Higher TATI concentrations in serum drawn prior to surgery correlated with disease stage, which is in line with our previous study . There was also a significant association between higher t-TATI expression in the surgical specimens, but not in biopsies, and a more advanced disease stage. In our previous study there was no significant association between t-TATI and clinical stage, neither in the full cohort nor in rectal cancer patients . The lack of an association between t-TATI and s-TATI with s-CEA concentrations is also in line with previous findings . We are not aware of any other studies on the effect of RT on TATI concentrations in tissue or serum, but studies on another protease inhibitor; tissue inhibitor of metalloproteinase 1 (TIMP-1), have shown that the expression in tumour tissue is unaffected by RT [5, 19]. However, plasma concentrations of TIMP-1 have been found to increase after combined RT-chemotherapy treatment . Interestingly, we found a significant post-operative increase in s-TATI concentrations in patients treated by short-term RT but not in long-term RT treated patients. In line with previous findings, s-TATI concentrations increased considerably after surgery for many of the short-term regimen treated patients, which supports the theory that TATI can behave as an acute phase reactant, as demonstrated by Solakidi et al. .
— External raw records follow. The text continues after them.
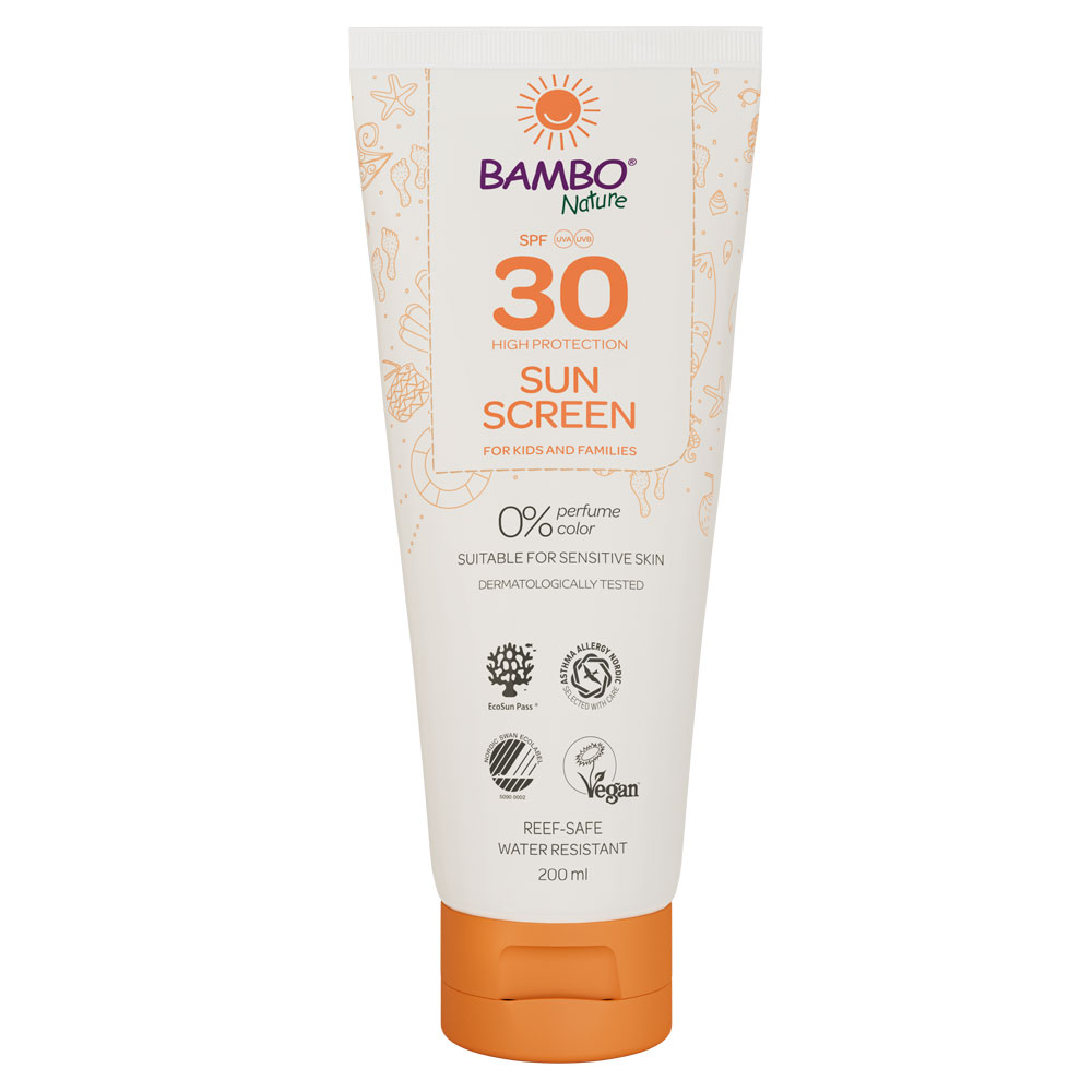 Die Sonne lacht, es ist herrlich warm und nichts kann Ihr Kind vom Spielen am Strand abhalten. Wie wichtig ist da der entsprechende Sonnenschutz. Neben T-Shirt und Sonnenhut müssen auch die unbedeckten Hautpartien vor zu viel UVA & UVB Strahlung geschützt sein. Was liegt näher als die Verwendung einer natürlichen Sonnenschutzcreme mit hohem Lichtschutzfaktor. Gerade für Ihr Liebstes ist nur das Beste gut genug. Deshalb sollte es auch die Sonnencreme vom Bambo Nature sein. Denn sie ist frei von Duftstoffen, Farbstoffen und allergieauslösenden Substanzen. Der Bambo Nature Sonnenschutz wurde hochgradig zertifiziert und dermatologisch getestet und ist somit bestens für zarte und empfindliche Kinderhaut geeignet. Aber natürlich auch für den Rest der Familie. Sie lässt sich leicht auftragen, verleiht der Haut einen hohen Schutz und macht sie seidig weich und ist sogar Wasserfest. Die Bambo Nature Sonnenschutzcreme ist vegan und korallenfreundlich. So gut geschützt können sie unbeschwert die besonderen Momente in der herrlichen Sommersonne genießen.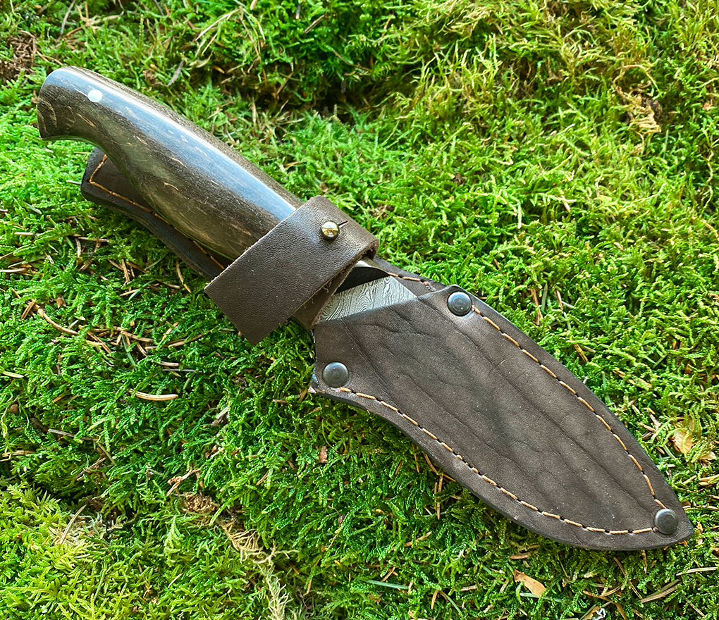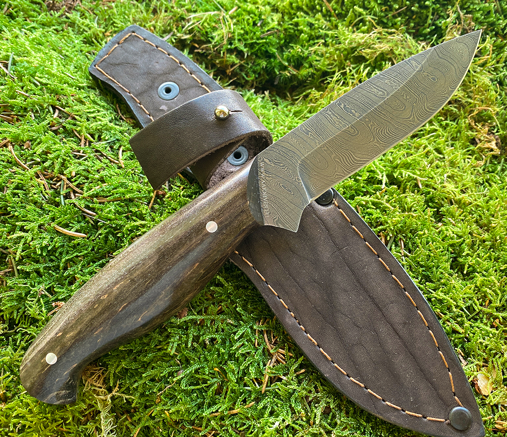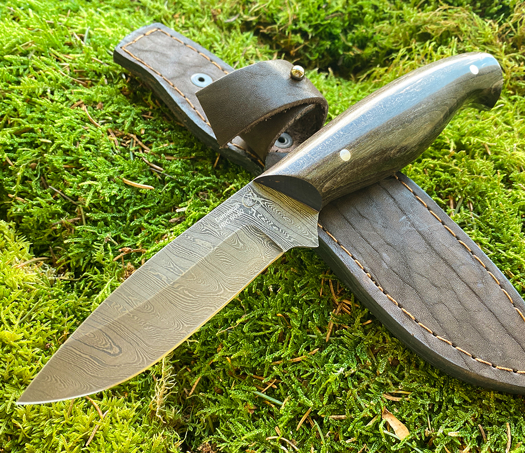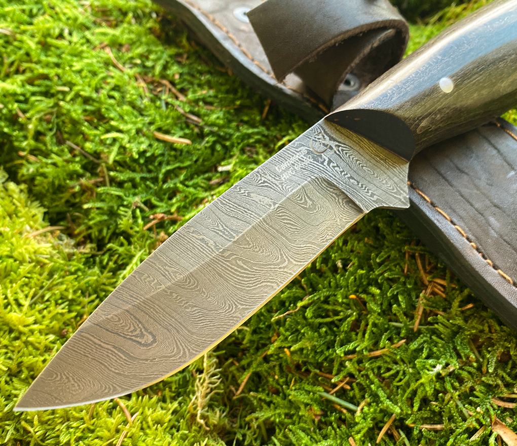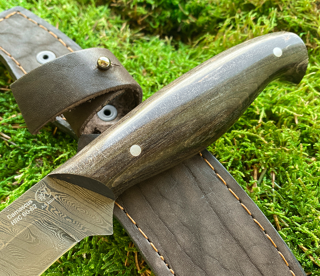 Vahva metsästysveitsi, josta on hyötyä sekä lihan esikäsittelyssä että myöhemmässä leikkaamisessa. Sen terä on käsin taottu Damaskusteräksestä, joka tekee siitä erittäin kovan mutta joustavan ja kestävän.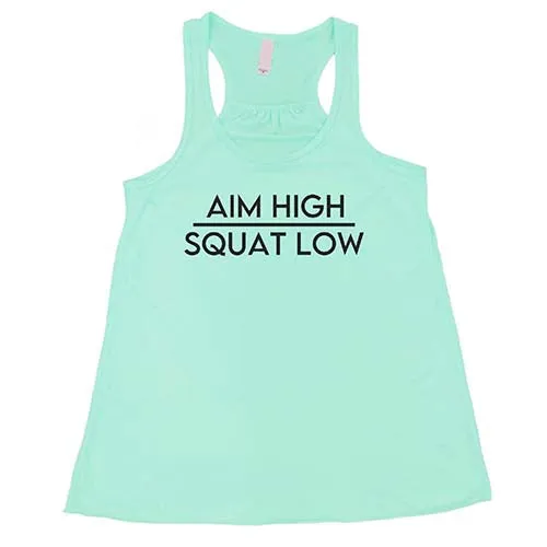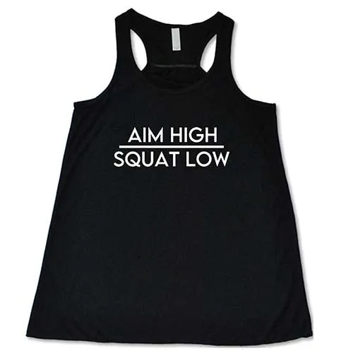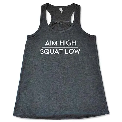Shop our Aim High Squat Low Tank Top. Affordable motivational gym tank top for all types of fitness. The perfect tank for anyone with a sense of humor.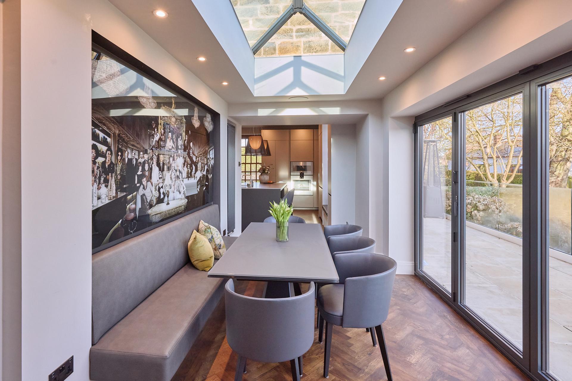 Following the L-shaped footprint, the kitchen flows seamlessly into the dining room flooded with natural light from the pitched skylight overhead and full width bi-fold doors that open out onto a raised patio. Concealed beyond this is the utility area housing the laundry appliances, conveniently tucked away from the main hub.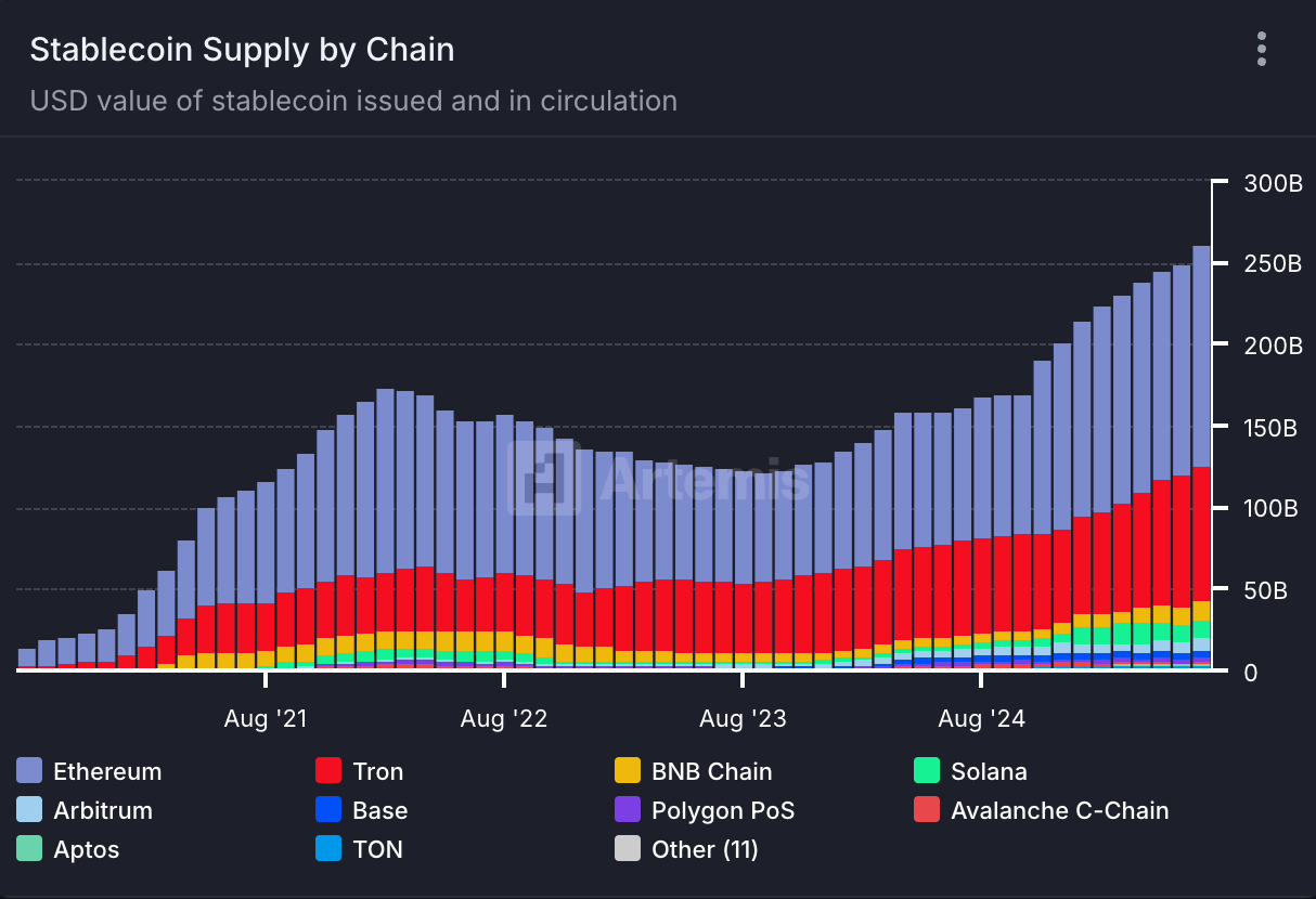 Ethereum continues to dominate the stablecoin landscape with approximately $140 billion in supply, representing over half of the total $270 billion market as of August 2024. The network's stablecoin supply has grown consistently from around $60 billion in August 2021, demonstrating sustained demand for digital dollars on the world's largest smart contract platform. This growth occurred despite increased competition from alternative chains, highlighting Ethereum's sticky network effects and deep DeFi liquidity that keeps institutional and retail users anchored to the ecosystem.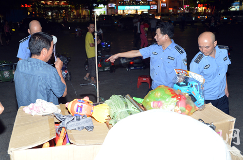 11日晚,该局组织70多名执法人员在市区临江南路、临江北路等路段,对沿路人行道占道摆卖、乱停车辆等违章行为进行清理整治,并耐心细致地教育劝导违章者,让他们主动改正违章行为,在开展整治工作的同时,做好“创文”迎检环境综合整治宣传工作,调动各方力量,积极营造整洁有序的市容环境(见图。涂英鹏 摄)。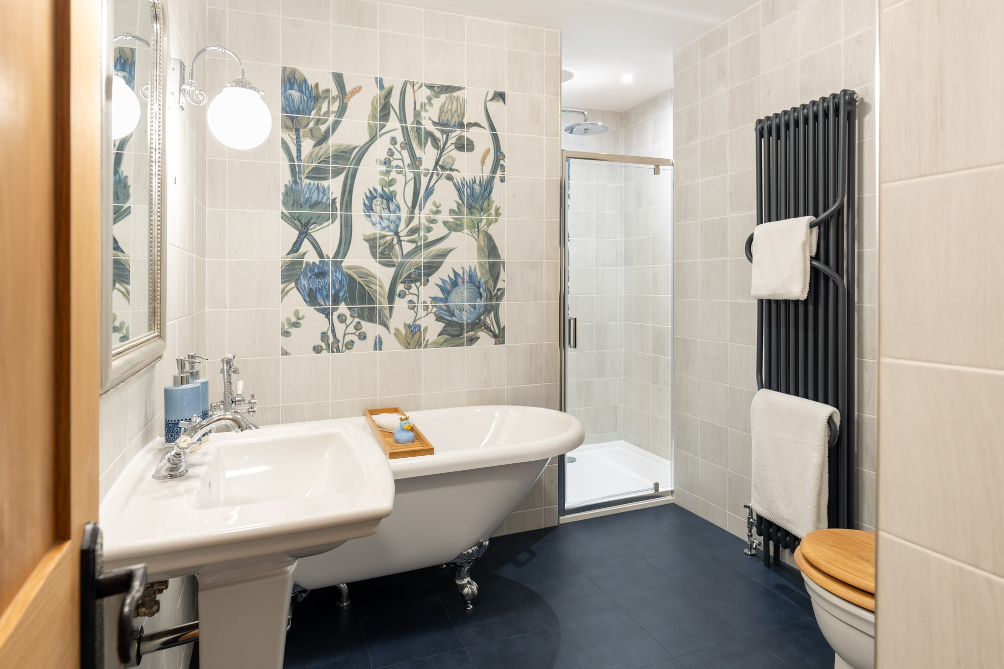 The large bathroom features a delightful roll-top bath and walk-in shower, creating a feeling of serenity and relaxation.

Similarly, in our study s-TATI concentrations remained largely unaffected throughout RT until surgery in both short-term and long-term RT treated patients, and the elevated concentrations in short term RT treated patients were only seen 4 weeks post-surgery.
We did not find any significant differences in s-TATI concentrations according to adjuvant chemotherapy and there was no difference in the distribution of clinicopathological characteristics in patients receiving RT and untreated patients, decreasing the probability of a patient selection bias.
In this study, we demonstrate that concentrations of TATI in tumour tissue or serum are not affected by neoadjuvant radiotherapy in rectal cancer patients. The finding of an association between both t-TATI and s-TATI, in particular the latter, and an impaired survival is in line with previous results, and further supports the potential utility of TATI as a prognostic biomarker in patients with cancer of the colon and rectum, irrespective of neoadjuvant RT.
This work was supported by grants from the Swedish Cancer Society, the Knut and Alice Wallenberg Foundation, Gunnar Nilsson's Cancer Foundation, the Crafoord Foundation and the Research Funds of Skåne University Hospital.